* **Problem requirements**: Restate the full listing word for word and leave the pictures out.
** Exercise material follows **
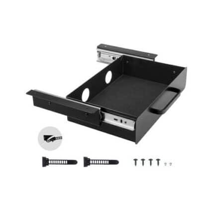 - Tvirtas ir Ilgaamžis: Pagamintas iš aukštos kokybės Q235 plieno, šis organizatorius yra ypač patvarus ir atsparus. Jis tvirtinamas šešiais taškais, todėl stabilumas garantuotas net ir prie reguliuojamo aukščio stalo. Atlaiko 5,1 kg svorį.
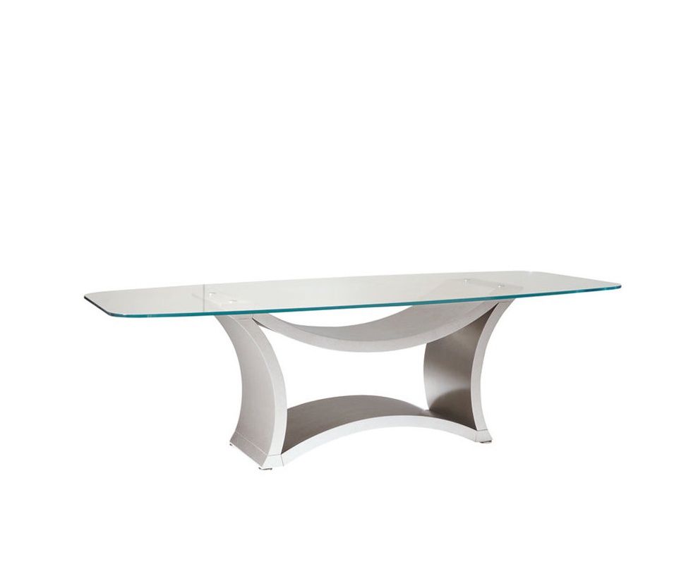 Aura dining table from the Italian manufacturer Selva. The tabletop glass. The base of the table is elegant design of cherry veneers, coated in silver. The model is made in modern style.
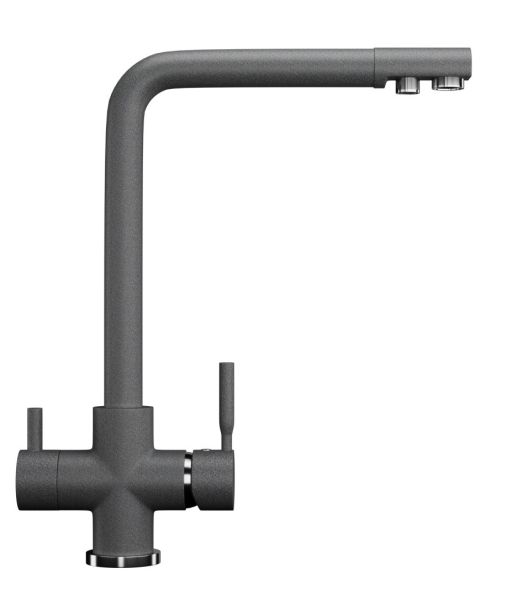 Высокоэргономичный кухонный смеситель с дополнительным краном для подключения фильтрованной воды, оснащенный кран-буксой с керамическими пластинами. Реализован тройной подвод воды через один излив: холодная, горячая и фильтрованная. Переход с одного подвода на другой производится поворотом рычага. Набор для соединения с фильтром входит в комплект. Система фильтрации приобретается дополнительно и монтируется под мойку, специальный индикатор сообщает о необходимости замены картриджа. Материал корпуса выполнен из высококачественной латуни, а окрашивание под искусственный камень в цвет мойки ULGRAN выполняется на собственном производстве, что позволяет идеально попасть в фирменный цвет ULGRAN. В качестве керамического картриджа используется известный бренд Wanhai диаметром 35 мм с высокой пропускной способностью в 500 тысяч циклов открывания-закрывания. На подвижные части картриджа Wanhai нанесена специальная невымываемая силиконовая смазка, а керамические пластины изготовлены из 96 процентов оксида алюминия, что, в сочетании с высоким качеством шлифовки обеспечивает долговечность, надежность, плавность хода рукоятки. Смеситель оборудован съемным пластиковым аэратором для экономии воды и поворотным изливом на 360 градусов. В комплектацию входят: керамический картридж Wanhai, гибкая подводка, комплект крепежных элементов, кран-букса с керамическими пластинами для дополнительного излива для фильтрованной воды, набор для подсоединения фильтра питьевой воды (гибкая подводка + переходник-цанга), технический паспорт и гарантийный талон.
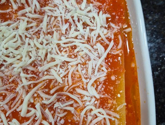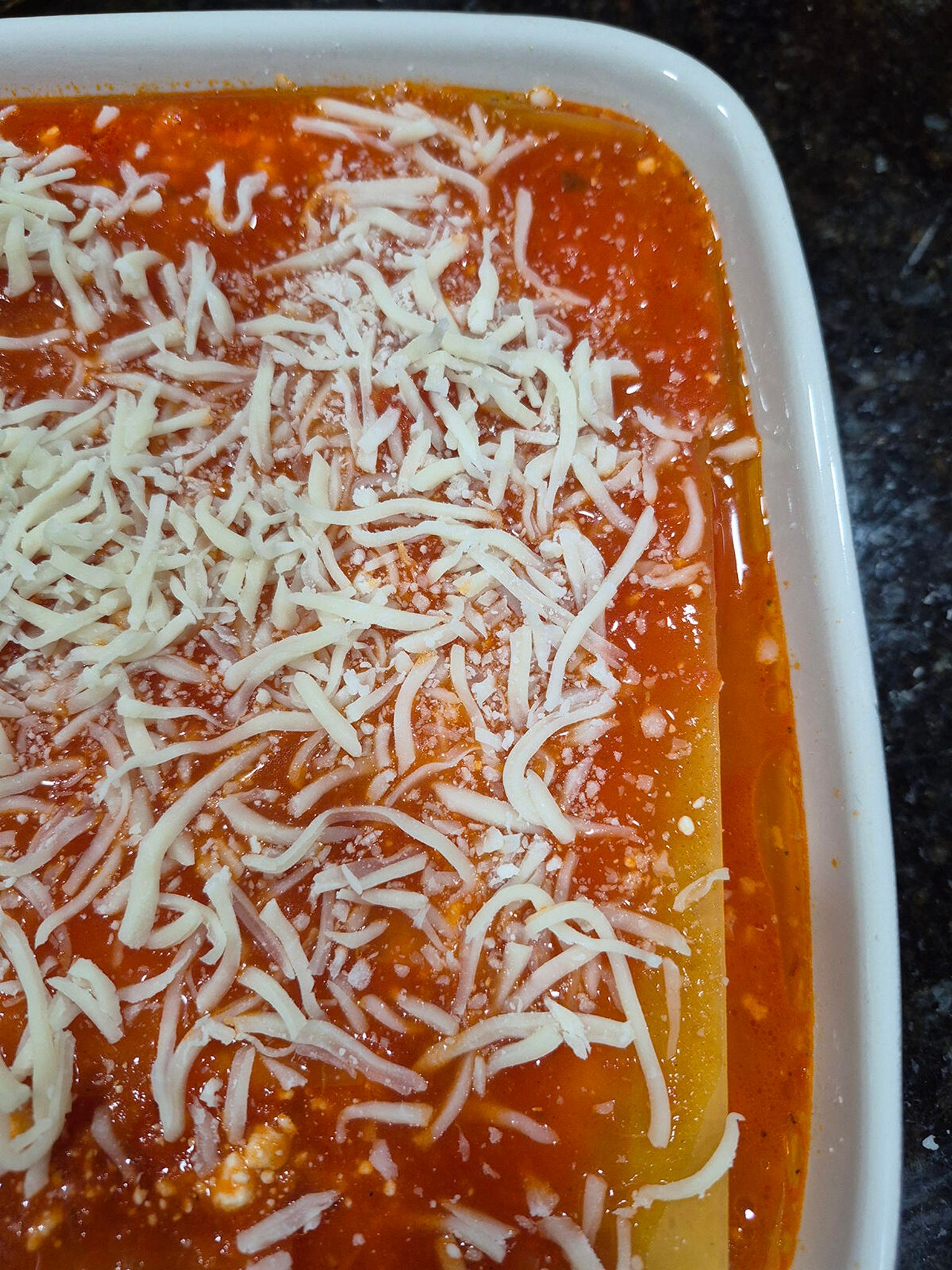 Przykryj folią aluminiową i piecz w temperaturze 380 st. F – 190 st. C przez 30 minut. Zdejmij folię i piecz jeszcze 10-15 minut, aż ser się zarumieni. Odstaw na 10-15 minut przed pokrojeniem. Można udekorować świeżą natką pietruszki lub bazylią.
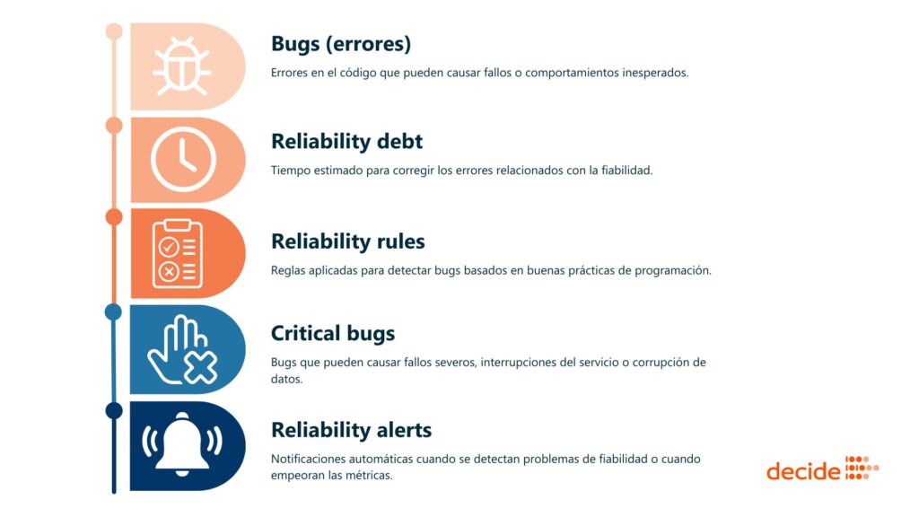 Evalúa la seguridad en una escala de A (mejor) a E (peor). Un bajo nivel de fiabilidad puede significar la presencia de errores o bugs que hacen que el software falle durante su uso. Se basa en las siguientes métricas:
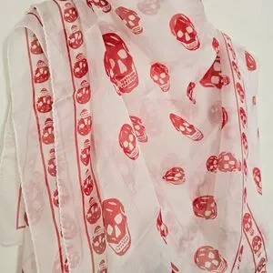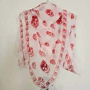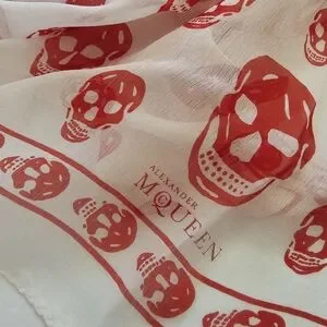 Alexander McQueen Skull Silk Scarf White Red
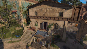 The basement hallway is crossed by several tripwires and Vents armed with Cloudkill. The farmost part of the storage area is used by The Glitter Gala.
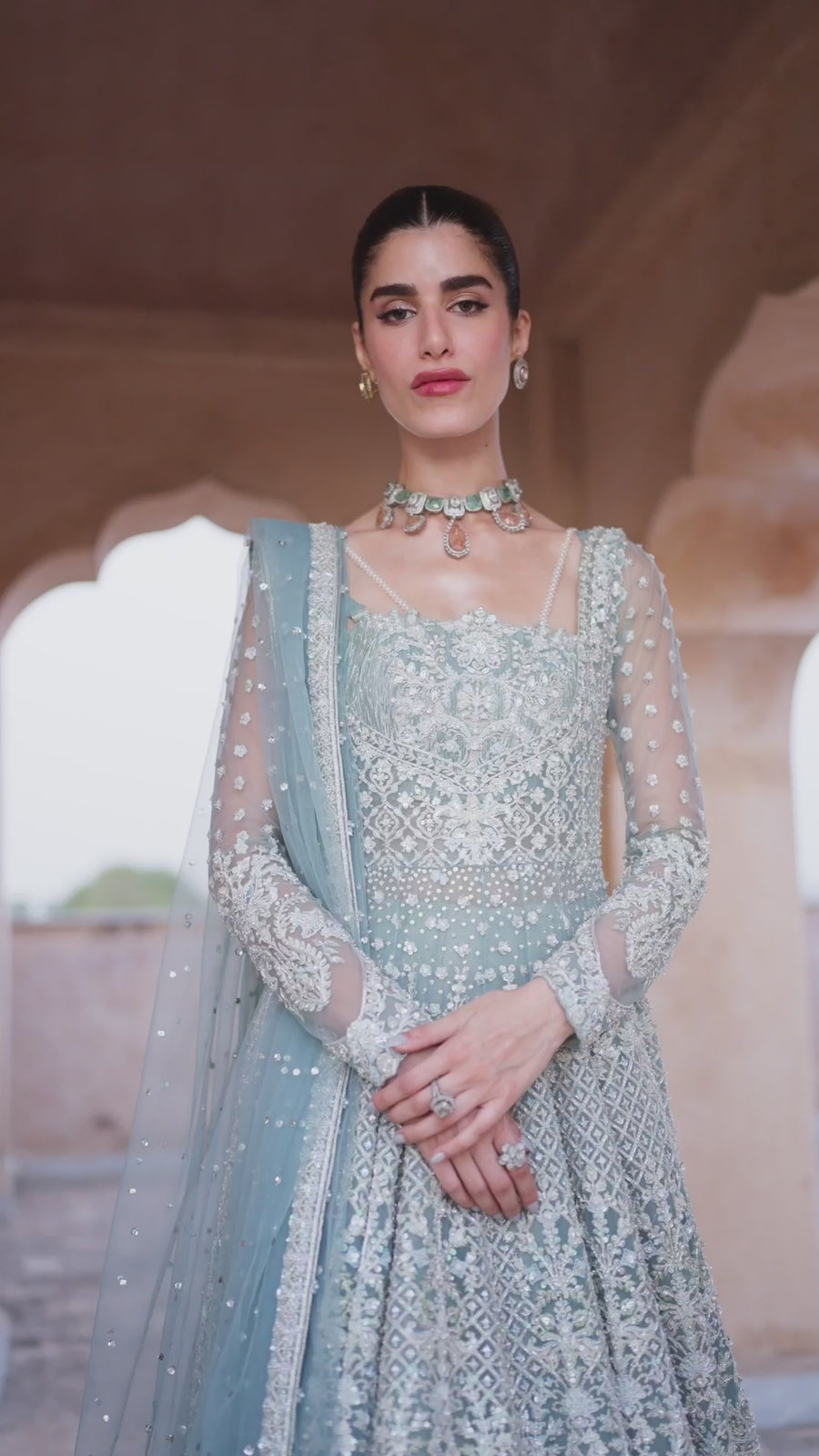 Description: Capturing the true essence of heritage crafts, Dorien mesmerizes. Cut from mint blue net, the pishwas dazzles with sequins, stones and resham adornments. Paired with an embellished tissue lehnga and embellished net dupatta, this piece will ensure you shine at your special events.
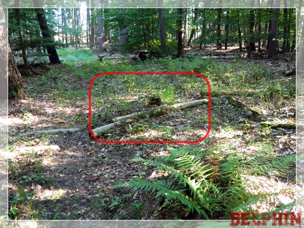 Als Fiene auf dem Rückweg war wurde D3 ausgelegt. Ich wollte, dass dieses Dummy etwas tiefer im Gelände liegt, damit ich sie über die Fallstelle der Markierung schicken musste. Außerdem verlegten wir in diesem Durchgang den Startpunkt von P1 auf P2. Bevor ich sie auf D3 schickte drehten wir uns und ich warf das Dummy, welches sie mir gebracht hatte hinter uns. (D2)
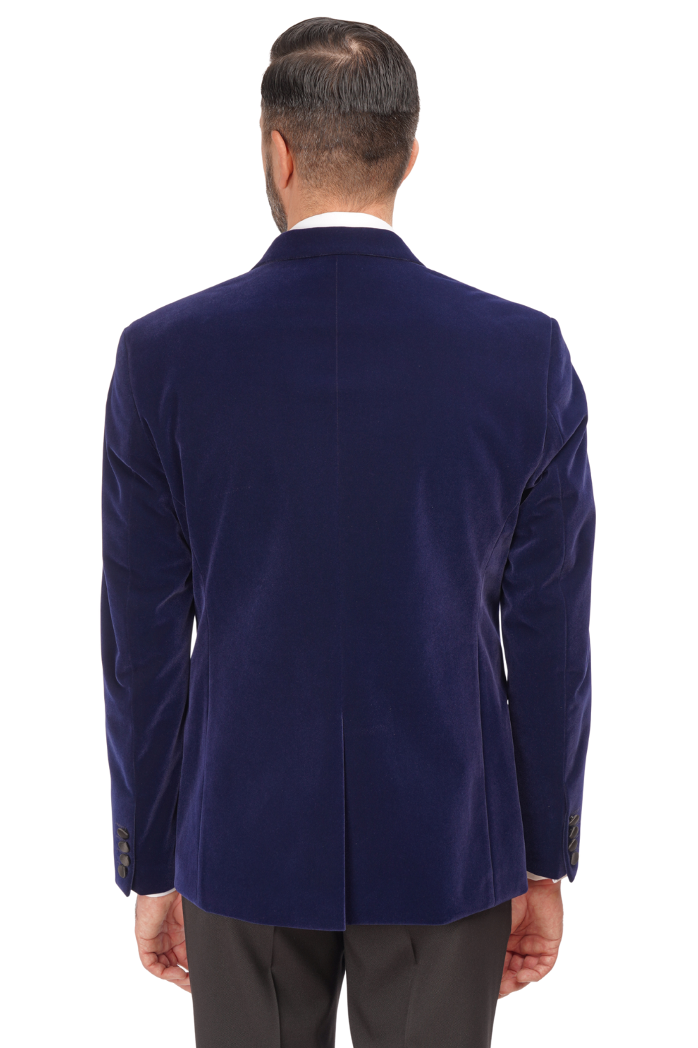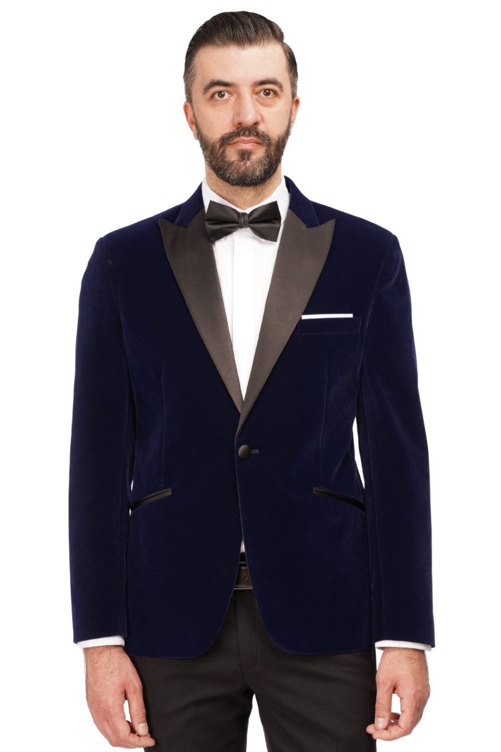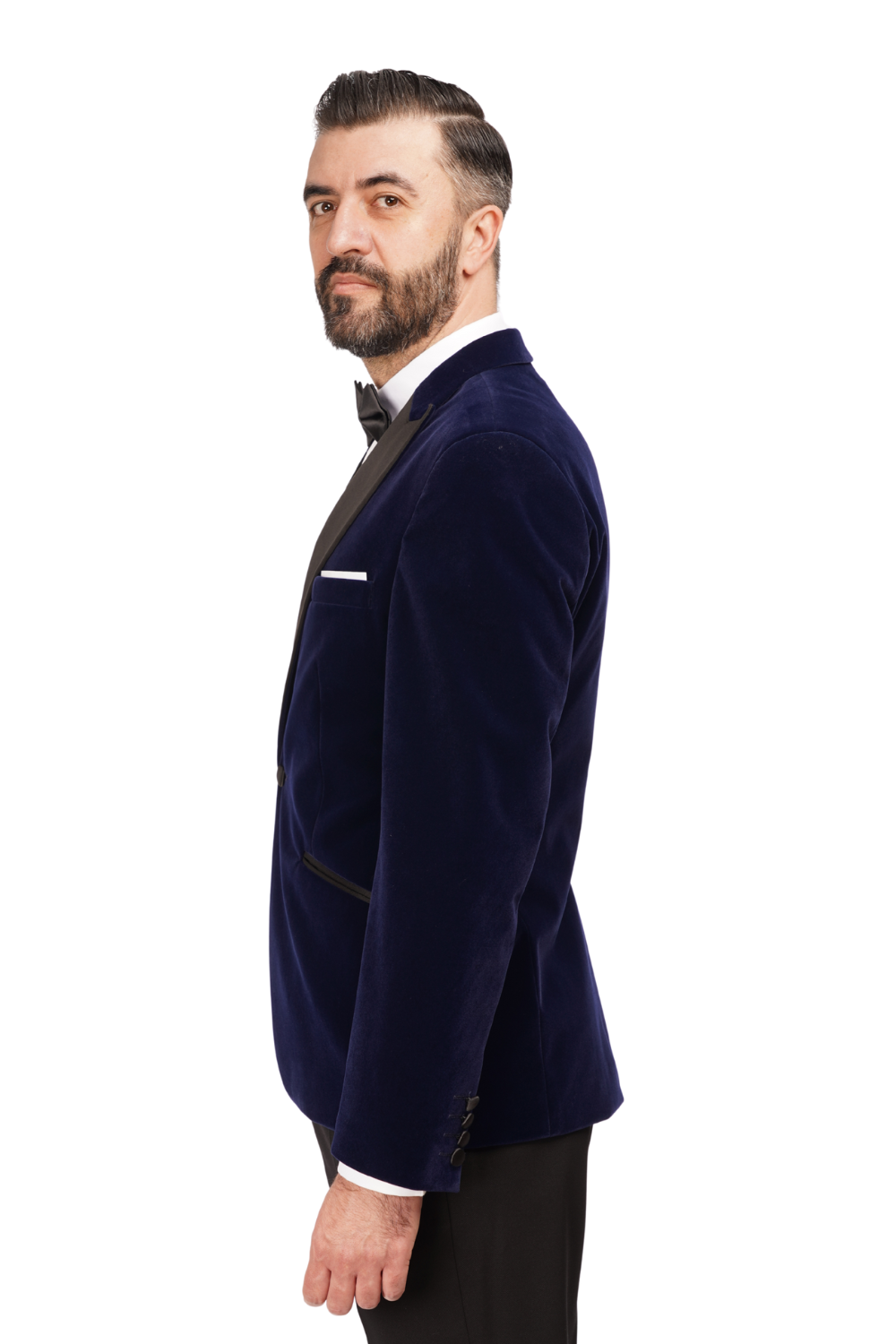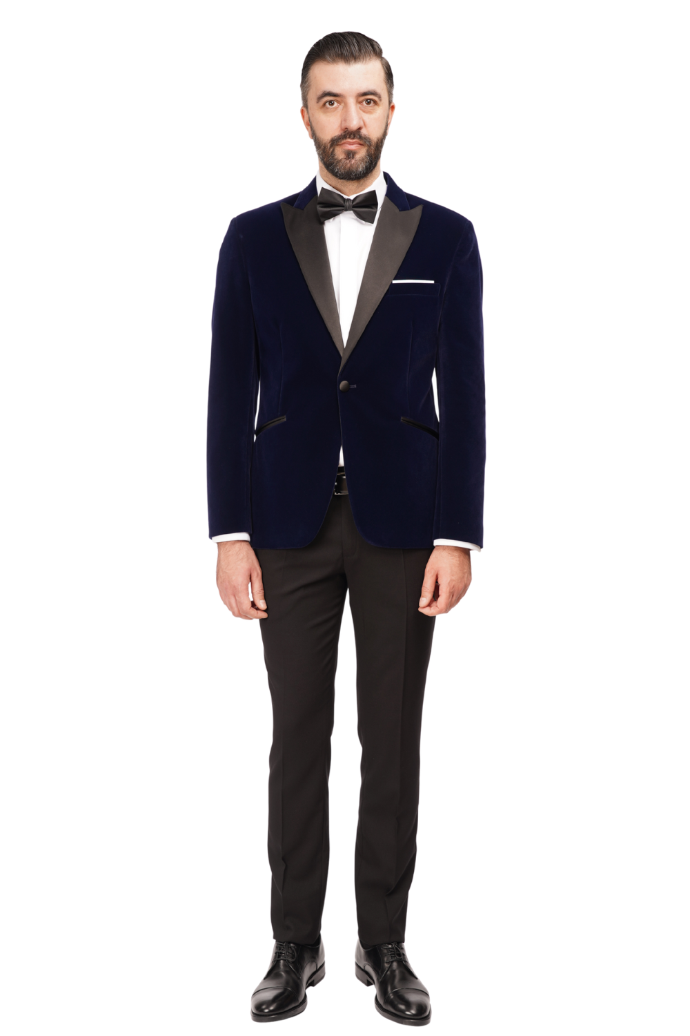 Smoking cu Sacou din Catifea Bleumarin și Pantaloni Negri 6AM310
** End of Exercise material **
* **Task result**:
 - Tvirtas ir Ilgaamžis: Pagamintas iš aukštos kokybės Q235 plieno, šis organizatorius yra ypač patvarus ir atsparus. Jis tvirtinamas šešiais taškais, todėl stabilumas garantuotas net ir prie reguliuojamo aukščio stalo. Atlaiko 5,1 kg svorį.
 Aura dining table from the Italian manufacturer Selva. The tabletop glass. The base of the table is elegant design of cherry veneers, coated in silver. The model is made in modern style.
 Высокоэргономичный кухонный смеситель с дополнительным краном для подключения фильтрованной воды, оснащенный кран-буксой с керамическими пластинами. Реализован тройной подвод воды через один излив: холодная, горячая и фильтрованная. Переход с одного подвода на другой производится поворотом рычага. Набор для соединения с фильтром входит в комплект. Система фильтрации приобретается дополнительно и монтируется под мойку, специальный индикатор сообщает о необходимости замены картриджа. Материал корпуса выполнен из высококачественной латуни, а окрашивание под искусственный камень в цвет мойки ULGRAN выполняется на собственном производстве, что позволяет идеально попасть в фирменный цвет ULGRAN. В качестве керамического картриджа используется известный бренд Wanhai диаметром 35 мм с высокой пропускной способностью в 500 тысяч циклов открывания-закрывания. На подвижные части картриджа Wanhai нанесена специальная невымываемая силиконовая смазка, а керамические пластины изготовлены из 96 процентов оксида алюминия, что, в сочетании с высоким качеством шлифовки обеспечивает долговечность, надежность, плавность хода рукоятки. Смеситель оборудован съемным пластиковым аэратором для экономии воды и поворотным изливом на 360 градусов. В комплектацию входят: керамический картридж Wanhai, гибкая подводка, комплект крепежных элементов, кран-букса с керамическими пластинами для дополнительного излива для фильтрованной воды, набор для подсоединения фильтра питьевой воды (гибкая подводка + переходник-цанга), технический паспорт и гарантийный талон.
 Przykryj folią aluminiową i piecz w temperaturze 380 st. F – 190 st. C przez 30 minut. Zdejmij folię i piecz jeszcze 10-15 minut, aż ser się zarumieni. Odstaw na 10-15 minut przed pokrojeniem. Można udekorować świeżą natką pietruszki lub bazylią.
 Evalúa la seguridad en una escala de A (mejor) a E (peor). Un bajo nivel de fiabilidad puede significar la presencia de errores o bugs que hacen que el software falle durante su uso. Se basa en las siguientes métricas:
 Alexander McQueen Skull Silk Scarf White Red
 The basement hallway is crossed by several tripwires and Vents armed with Cloudkill. The farmost part of the storage area is used by The Glitter Gala.
 Description: Capturing the true essence of heritage crafts, Dorien mesmerizes. Cut from mint blue net, the pishwas dazzles with sequins, stones and resham adornments. Paired with an embellished tissue lehnga and embellished net dupatta, this piece will ensure you shine at your special events.
 Als Fiene auf dem Rückweg war wurde D3 ausgelegt. Ich wollte, dass dieses Dummy etwas tiefer im Gelände liegt, damit ich sie über die Fallstelle der Markierung schicken musste. Außerdem verlegten wir in diesem Durchgang den Startpunkt von P1 auf P2. Bevor ich sie auf D3 schickte drehten wir uns und ich warf das Dummy, welches sie mir gebracht hatte hinter uns. (D2)
 Smoking cu Sacou din Catifea Bleumarin și Pantaloni Negri 6AM310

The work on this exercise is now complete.